Even more fun, I now remember my dreams. Last week, I met Rod Stewart, again, in my dream. Unfortunately, while trying to take a selfie with him at the helm of a ship, the captain stole my cell phone and the dream turned into a nightmare.
After that, all of my dreams turned into nightmares.
In one particularly horrifying dream, I was just walking down a country road in the darkness … when a war plane flew over dropping thousands of Russian paratroopers into the night’s sky. One by one they landed, like a bad movie, rousting people from their beds and taking them into communist custody. I woke up before anyone got shot.
But a couple of nights later, I was at a bridal shower when a woman pulled out a rifle to shoot a child. Since I always carry my own rifle with me at parties, I pulled out my rifle and shot at the woman before she could kill the child – but I missed. I killed another woman instead, and spent the rest of the dream running from the police and all of the friends who’d seen me do it.
I love analyzing dreams as they happen, but I’ve had trouble with this particular set of nightmares. I’m not sure what the “bad guy” in the dream represents. Normally I ascribe three adjectives to the person/thing in the dream, and that tells me which part of me or my life I’m dreaming about. Then I psychoanalyze myself and the nightmares go away.
But I just feel victimized in all of these dreams. My tried-and-true method of dream analysis has failed me. I can’t ascribe three adjectives to Russian paratroopers or the ship’s captain; they are faceless, nameless. And do I blame myself for shooting an innocent woman, or do I congratulate myself for trying to be a hero – and who’s the bad guy, really?
Last night, I dreamed that a group of cats discovered a hole in my body – from which a worm was trying to escape. Within two minutes, I had worms crawling out from under my skin everywhere – short, fat worms and three-foot-long fat ones, and caterpillar-like creepy things. Some odd nurse-lady told me it would continue indefinitely. “They all have to come out,” she said.

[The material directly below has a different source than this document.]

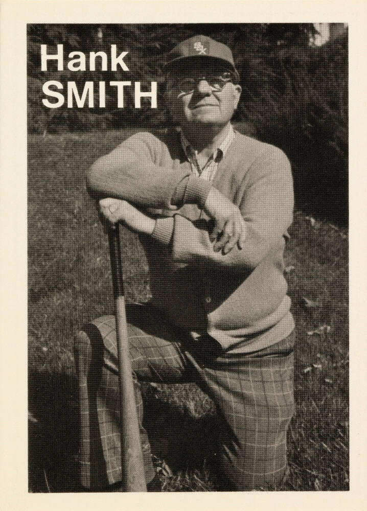 Statistics and quote by respective artist printed on card verso, in black: "Height: 5’ 7” / Weight: 187/ Born: Blumington, Ill. / Home: Bloomington, Ind. / Throws: Right / Bats: Right FP: Brovira DW glossy / FC: Darkroom FF: Fine grain pos. / FD: DK-50 / FPh: Fred Sommer / Hank Smith / I chose the White Sox because I / sometime wear white socks. Camera / photography may be here to stay. / That leave a lot of room for other kinds of photographs and high time."

I woke up, again, thinking: WHY??? Why worms? I have no idea what the lurking unconscious motivation might be.
Anyway, it’s been a long few weeks. Since my life pretty much revolves around waiting for Shane’s college acceptances and planning return visits, I wonder if that might be it. But it feels like something more is brewing under the surface – and not worms.
It feels like I’m being attacked every night in my sleep.